REQUIRED WORK: From the line containing "Oppo Reno 6" through the last line below, copy every line exactly, leaving out the pictures.

STORED DATA:
....

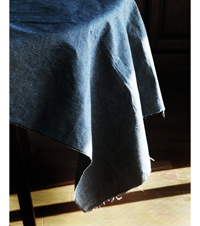 タブリエとしてスタンバイされていたリネンとコットンのメティス生地。 帯のような張りと、厚紙のような不思議な感触。 藍と白の細かな織り、所々に見える糸の吊り。 目にして、手にして、とっても存在感のある生地です。
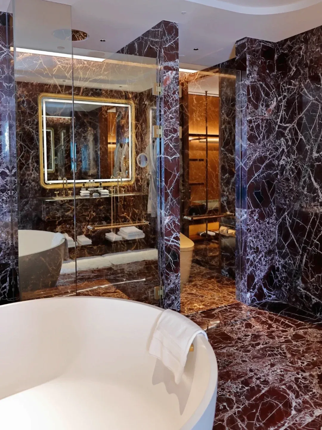 大理石案例 | 紫罗红卫生间的视觉冲击力
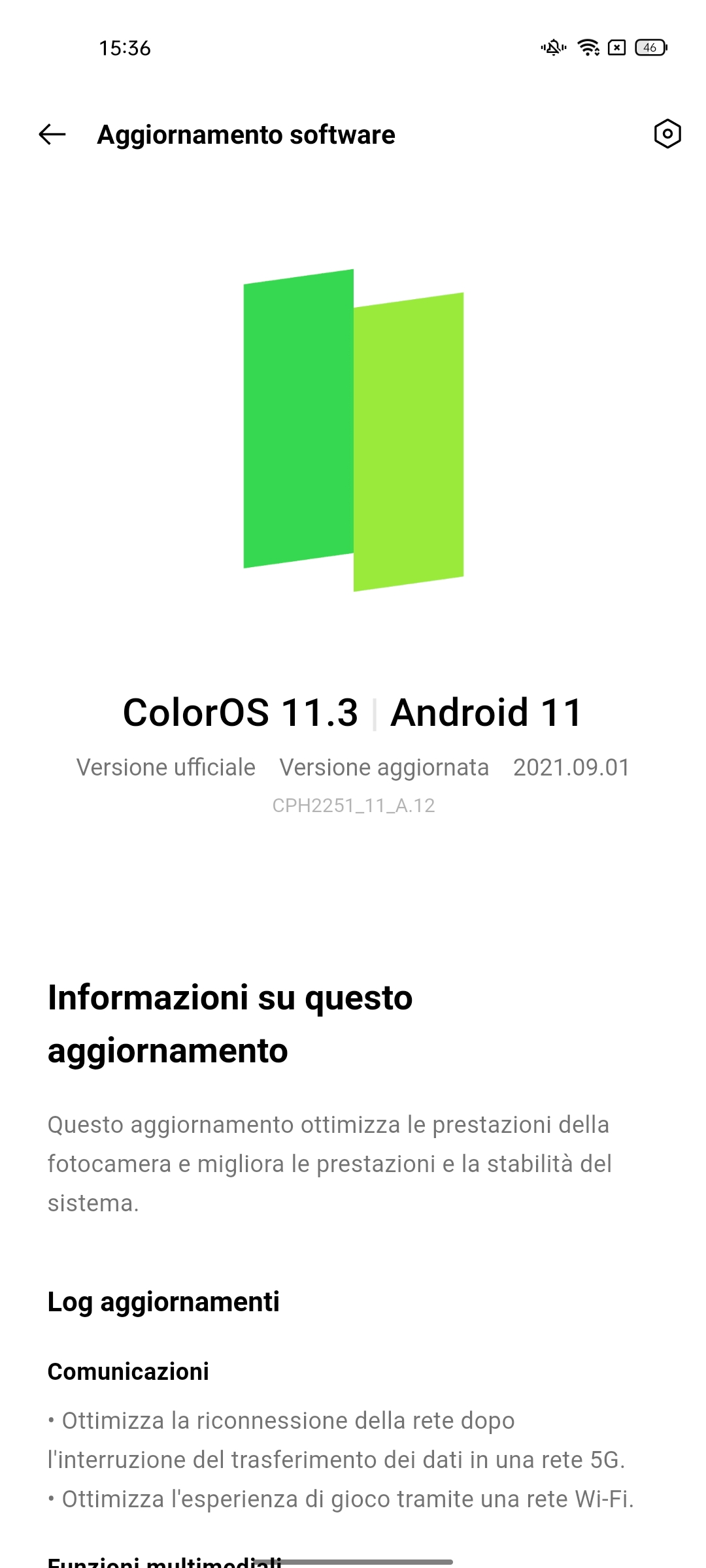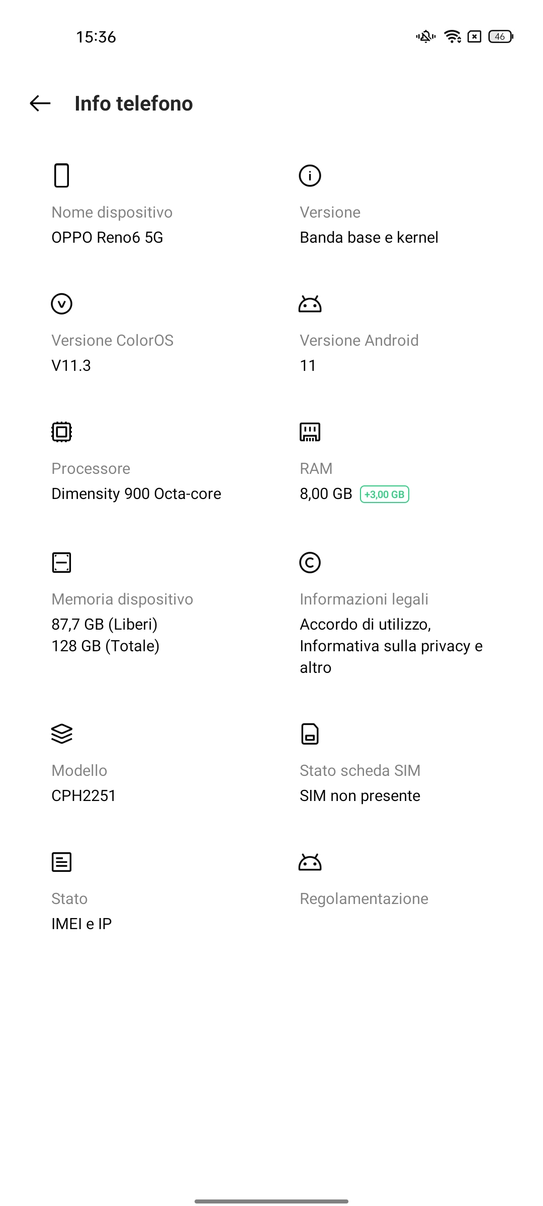 Oppo Reno 6 5G è dotato di Android 11 nativo, personalizzato dalla casa madre con interfaccia grafica Color OS, giunta ora alla versione 11.3
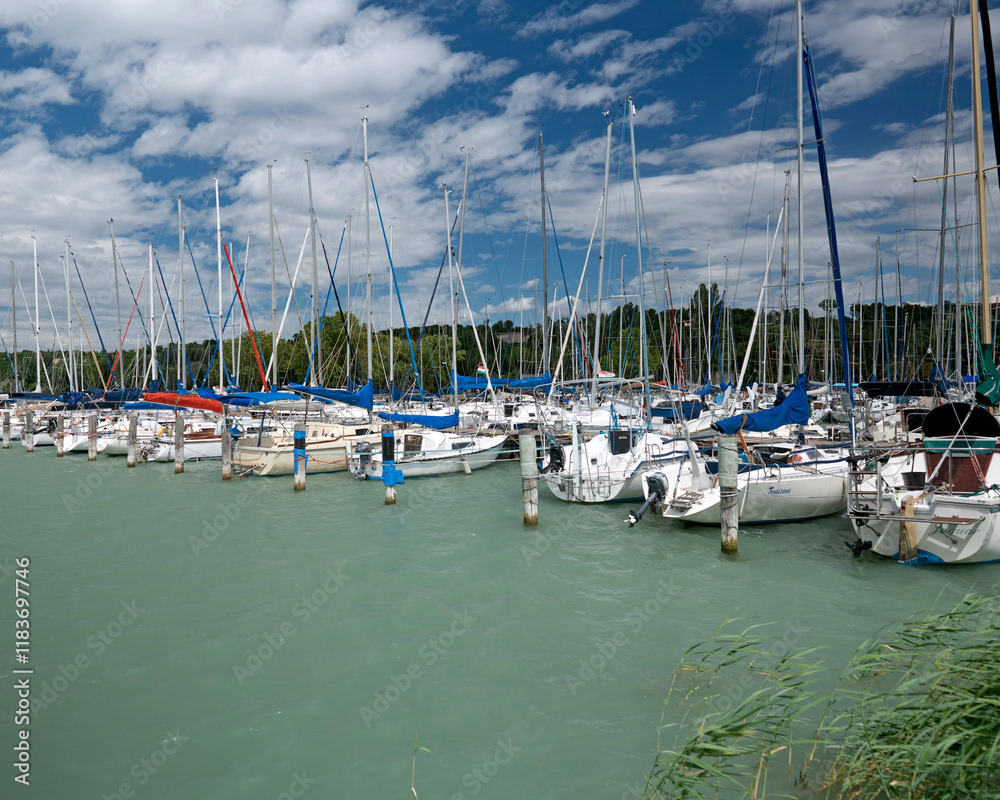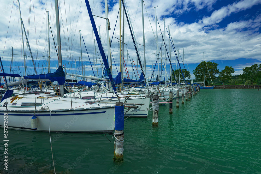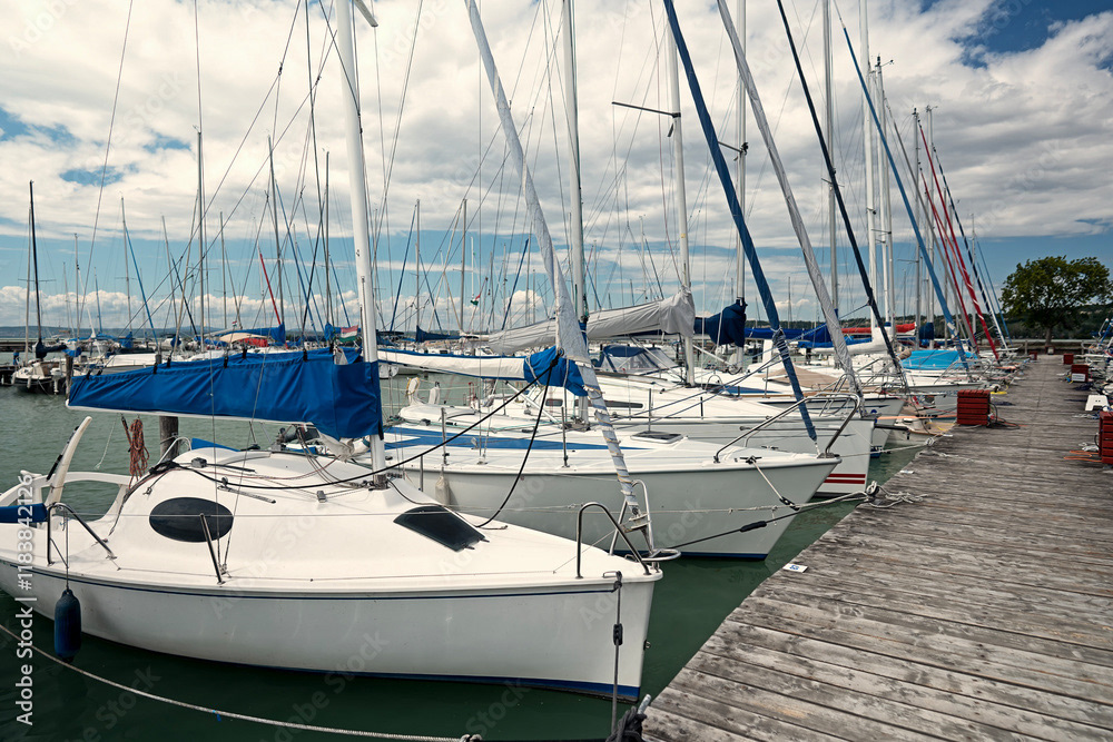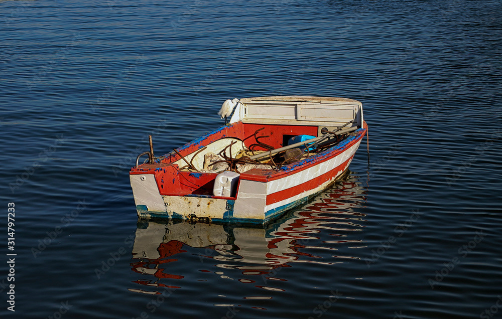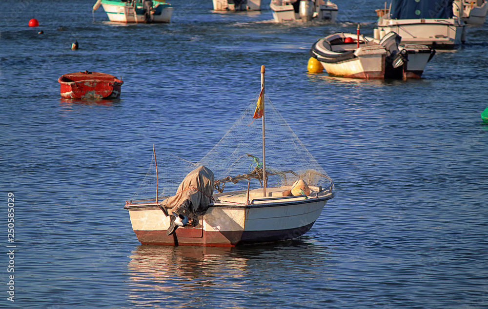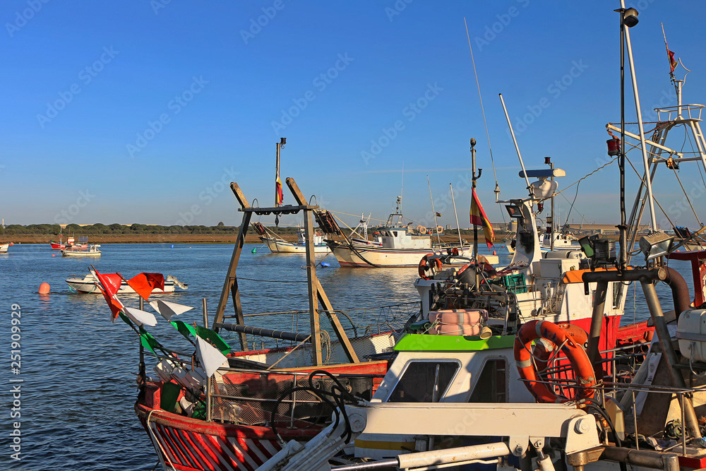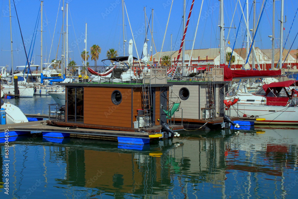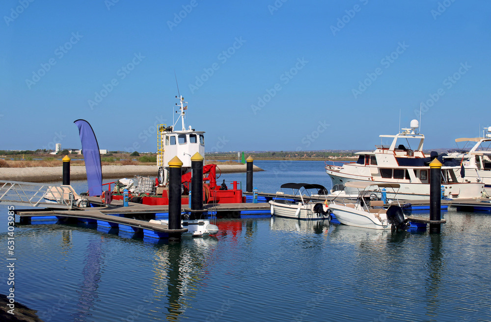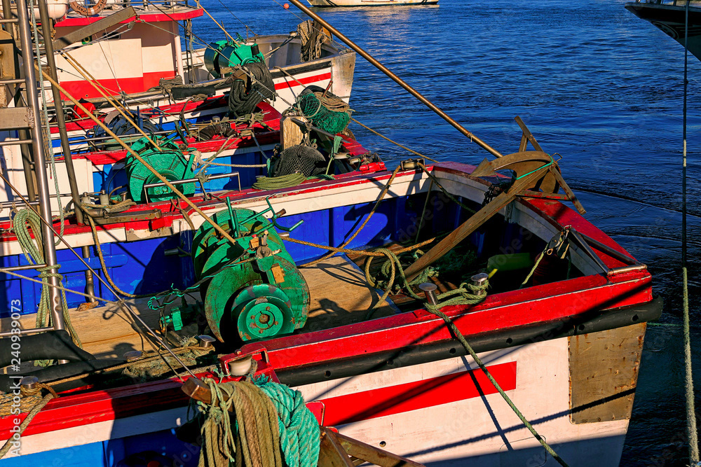Piers and marine ports. Boats moored in ports and piers, fishing, recreational and cargo boats

....

RESULT OF THE EXERCISE:
 Oppo Reno 6 5G è dotato di Android 11 nativo, personalizzato dalla casa madre con interfaccia grafica Color OS, giunta ora alla versione 11.3
Piers and marine ports. Boats moored in ports and piers, fishing, recreational and cargo boats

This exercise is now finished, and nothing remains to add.